Ms Samantha Lai, a PhD student at the National University of Singapore (NUS) who is studying the resilience and restoration of seagrass in Singapore, said: "At the global level, seagrass conservation efforts consist of monitoring seagrass meadows by student scientists or researchers... restoring areas of degrading meadows by planting seagrass seeds or shoots... and by protecting areas from impact or destruction."

While much of the world's seagrass has been lost, there is a silver lining. Recent research done by local scientists, including Dr Siti, and Australian collaborators found seagrasses in parts of South-east Asia - including Malaysia, Thailand, Indonesia and Singapore - to be resilient to natural and man-made stressors.

Dr Siti said: "We found that the meadows in this region are very genetically diverse. This means they are resilient to stressors like climate change, disease and all kinds of anthropogenic stressors (such as land reclamation, which destroys the habitat for seagrasses)."

Their genetic diversity is also good news for the marine life that depends on it, noted Ms Lai.

Were seagrasses to disappear, coastal sediments could erode and this erosion would not only negatively affect environments upland such as mangroves, but also environments further down, such as corals, she pointed out.

If the plants lack such diversity, then people run the risk of a "massive die-out", Dr Siti added.

One question that marine ecologists cannot answer for sure is how much seagrass there is overall, especially in South-east Asia. "There are pockets (of research done) in South-east Asia, where there's a lot of information, but for the vast region, it's a big data gap, a big black hole of no information," Dr Siti said.

To help plug this, more than 200 seagrass researchers, students and managers from non-profit organisations have gathered in Singapore for the World Seagrass Conference and the 13th International Seagrass Biology Workshop (ISBW) to share their research and engage the public.
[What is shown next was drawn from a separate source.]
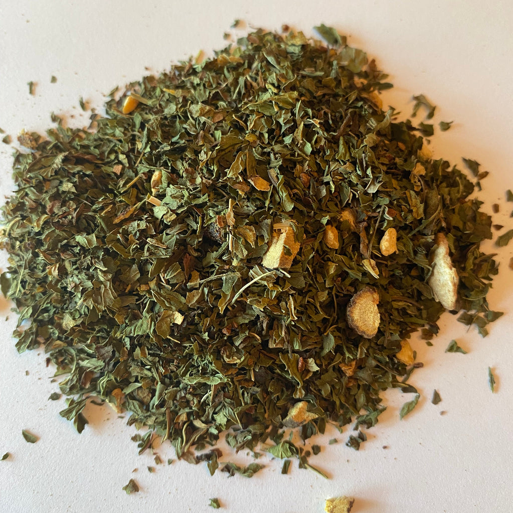 Peppermint and spearmint have long been used to support digestive comfort and ease heaviness. Licorice root brings natural sweetness and balance, helping to soothe and harmonize the blend. Chopped ginger and clove offer subtle warmth, encouraging digestive movement and helping the body awaken with intention.

The meetings, which began on Monday and will end on Sunday, are organised by the DHI Group, the National Parks Board and NUS.

In line with the theme of translating science into action, there will be a two-hour public talk today at UTown at NUS at 7pm, featuring seagrass researchers from Australia, Malaysia and Sweden.

Members of the public can register for the talk for free at the ISBW website (www.isbw13.org).

Environmental and economic benefits

SEAGRASS ECOSYSTEMS

Despite their name, seagrasses are flowering plants that can be found all over the world in shallow coastlines, except for the poles.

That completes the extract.